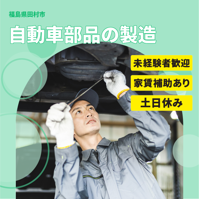 給与詳細 月収例 225,000円 日給例 11,250円 勤務地 福島県田村市 仕事内容 ウィルオブ・ワークの正社員として自動車用部品メーカーの取引先で勤務いただきます。
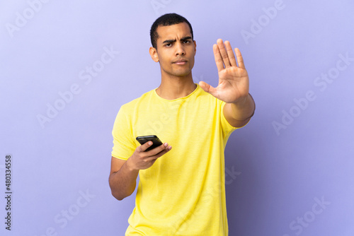 African American man over isolated purple background using mobile phone making stop gesture with her hand
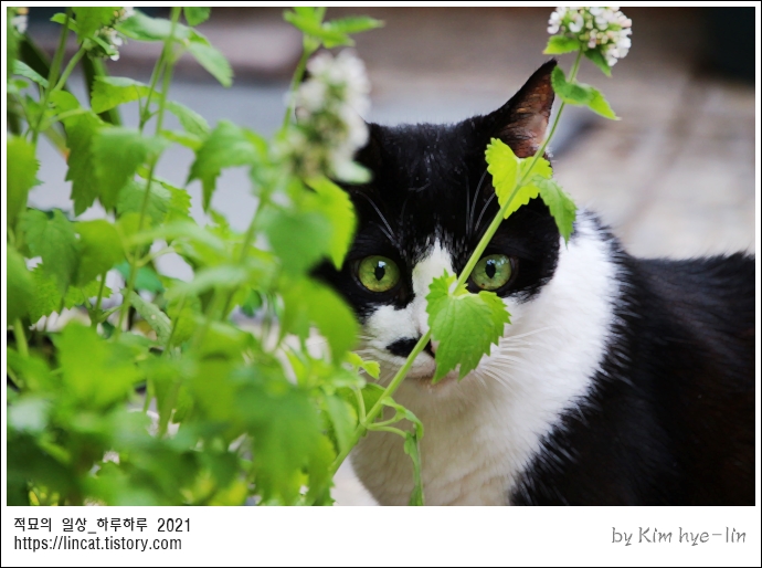 캣닙 뒤에 숨어서

◇ ◇ ◇ ◇ ◇

TASK REQUIREMENTS.
Would you repeat each line of the listing exactly, skipping any picture?

TASK ANSWER.
 給与詳細 月収例 225,000円 日給例 11,250円 勤務地 福島県田村市 仕事内容 ウィルオブ・ワークの正社員として自動車用部品メーカーの取引先で勤務いただきます。
 African American man over isolated purple background using mobile phone making stop gesture with her hand
 캣닙 뒤에 숨어서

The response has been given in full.